The History of Sir Francis Drake

The History of Sir Francis Drake was a hybrid theatrical entertainment, a masque or "operatic tableau" with an English libretto written by Sir William Davenant and music by Matthew Locke. The masque was most likely first performed in 1659 and produced by Davenant. As with his earlier The Siege of Rhodes (1656) and The Cruelty of the Spaniards in Peru (1658), Davenant cast The History of Sir Francis Drake as a musical drama to avoid the Puritan prohibition of stage plays during the English Commonwealth era. The three Davenant works were important in the evolution of English opera and musical theatre, and heralded the coming revival of drama with the Restoration of 1660.[1]

History and propaganda

Like The Cruelty, Davenant's Drake was not only tolerated but even encouraged by Lord Protector Oliver Cromwell, for its value as anti-Spanish propaganda. (The English had been at war with Spain since 1655.) Davenant exploited Drake as an English national hero and a symbol of an expansionist foreign policy. He drew his narrative materials from Philip Nichols's Sir Francis Drake Revived (1626; reprinted 1652).[2]
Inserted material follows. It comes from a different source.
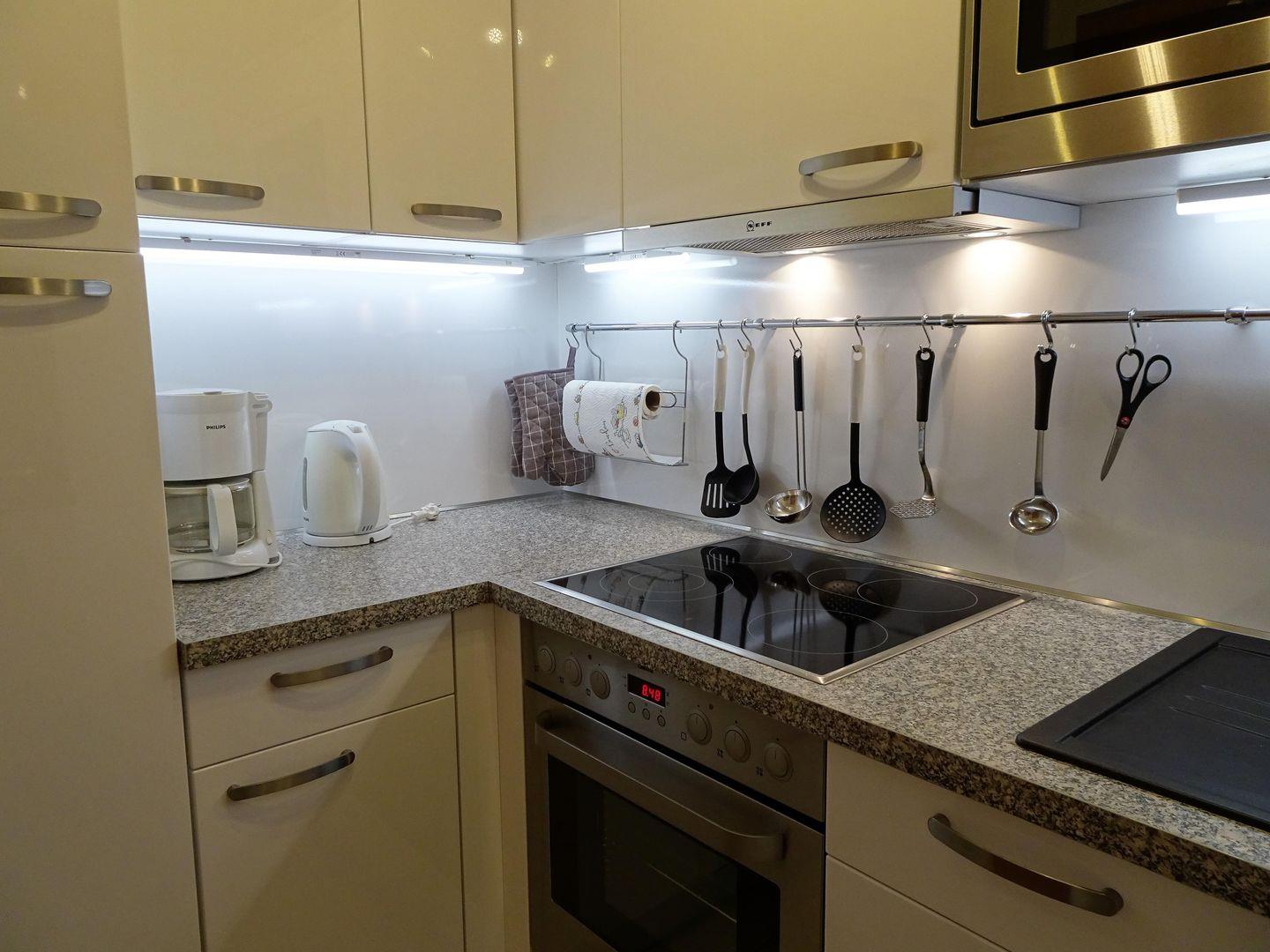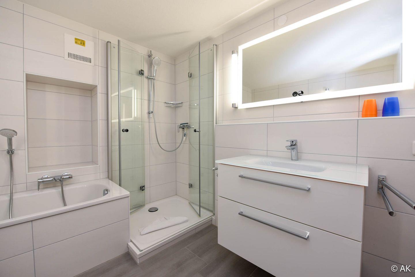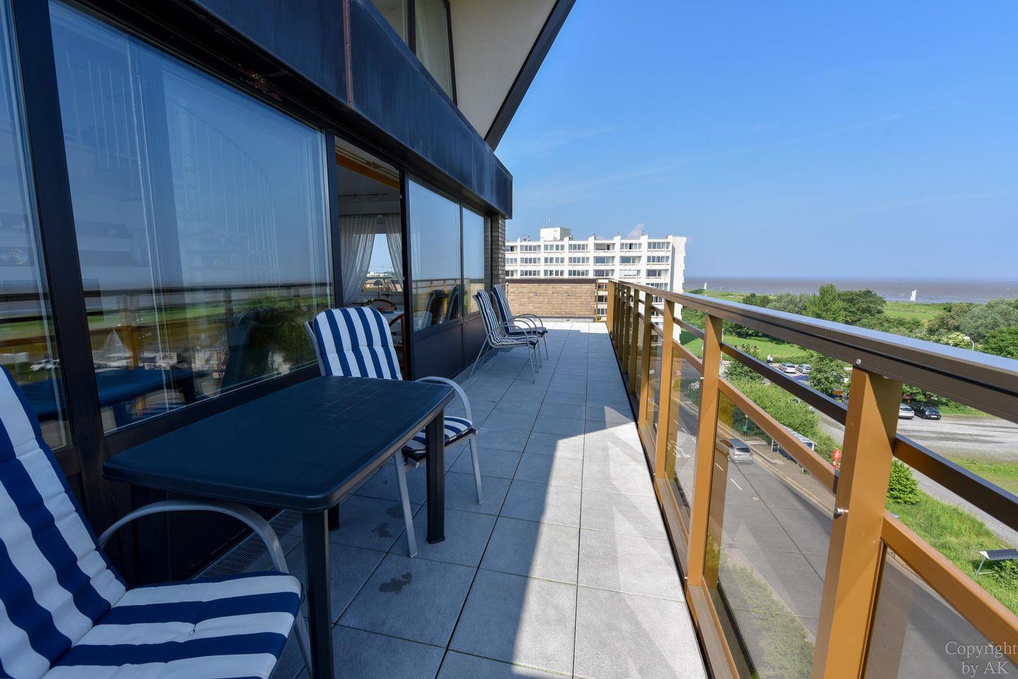 2-Zimmer-Appartement im 5. Obergeschoss in Nordwestlage mit herrlichem Blick auf den Weltschifffahrtsweg und das UNESCO-Weltnaturerbe Wattenmeer. Der Wohnbereich ist mit einem Schlafsofa, zwei Sesseln sowie einem Esstisch mit vier Stühlen ausgestattet. Der Schlafraum auf der Empore, mit einer Kopfhöhe von 165–175 cm, verfügt über zwei Einzelbetten (120 cm x 200 cm). Die Küchenzeile ist gut ausgestattet und bietet alles für die Zubereitung kleiner Mahlzeiten. Das Badezimmer wurde renoviert und ist nun mit WC, Badewanne, Dusche und einem Waschbecken ausgestattet. Zum Appartement gehört außerdem ein Strandkorb (01.05.–30.09.) am nahegelegenen Sandstrand von Döse. Ein kostenloser Tiefgaragenstellplatz (Einfahrtshöhe 190 cm) steht ebenfalls zur Verfügung.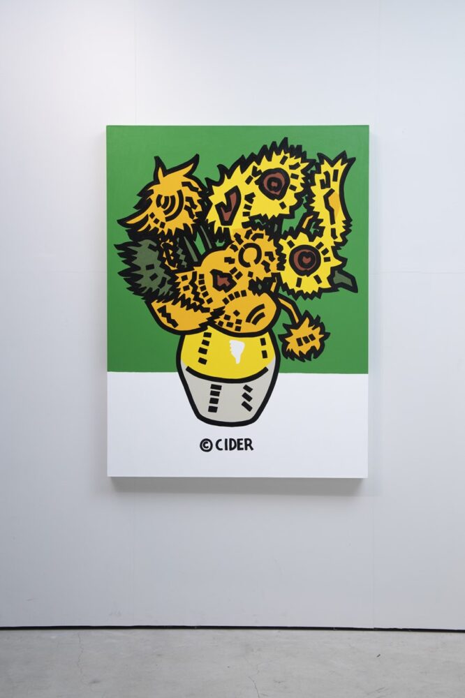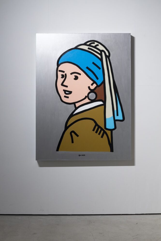 自分のライブのフライヤーや、2001年から『ハグトン』というマンガを描いていましたが、2005年にカフェでのイラスト展示を依頼されたのをキッカケに、せっかくだからハグトンをキャンバスに描いてみようって。それがなんだかんだで売れて、200枚は描いたかな? もう死ぬほど描いて飽きたというか、やり尽くしたなって。 そこで試しに名画を模写して みようと思ったんです。ゴッホの絵をディック・ブルーナ(ミッフィーで知られるオラン ダの絵本作家)のように色数を減らして線を単純化してみたのをキッカケに、名画シリーズが誕生しました。最初は、ふざけて贋作シリーズなんて呼んでいましたが、要は遊びですよね。ラップも遊びの延長線上でしたし。

Davenant's text deals with Drake's adventures on the northeastern coast of South America during his expedition of 1572. At one point, Davenant shows Drake allying himself with the "Symerons" or Cimaroons, escaped slaves of Surinam who had formed their own independent society.[3] (Though Davenant's Drake has been classified as "pseudo-history," this part of the story is based on fact though Davenant displaces the Cimaroons to Peru.) As in The Cruelty, the English in Drake are presented as a humane alternative to the brutal and rapacious Spanish.

Music

Only one piece of music from the score of Drake has survived a "Symeron" dance composed by Matthew Locke. Locke was one of the composers who worked on The Siege of Rhodes, and perhaps on The Cruelty too.[4]

References

  1. Terence P. Logan and Denzell S. Smith, eds., The Later Jacobean and Caroline Dramatists: A Survey and Bibliography of Recent Studies in English Renaissance Drama, Lincoln, NE, University of Nebraska Press, 1978; pp. 194, 197-8, 201, 203-4.
  2. Susan Wiseman, Drama and Politics in the English Civil War, Cambridge, Cambridge University Press, 1998; p. 150.
  3. Derek Hughes, Versions of Blackness: Key Texts on Slavery from the Seventeenth Century, Cambridge, Cambridge University Press, 2007; pp. 307-12.
  4. Ian Spink, Henry Lawes: Cavalier Songwriter, Oxford, Oxford University Press, 2000; p. 111.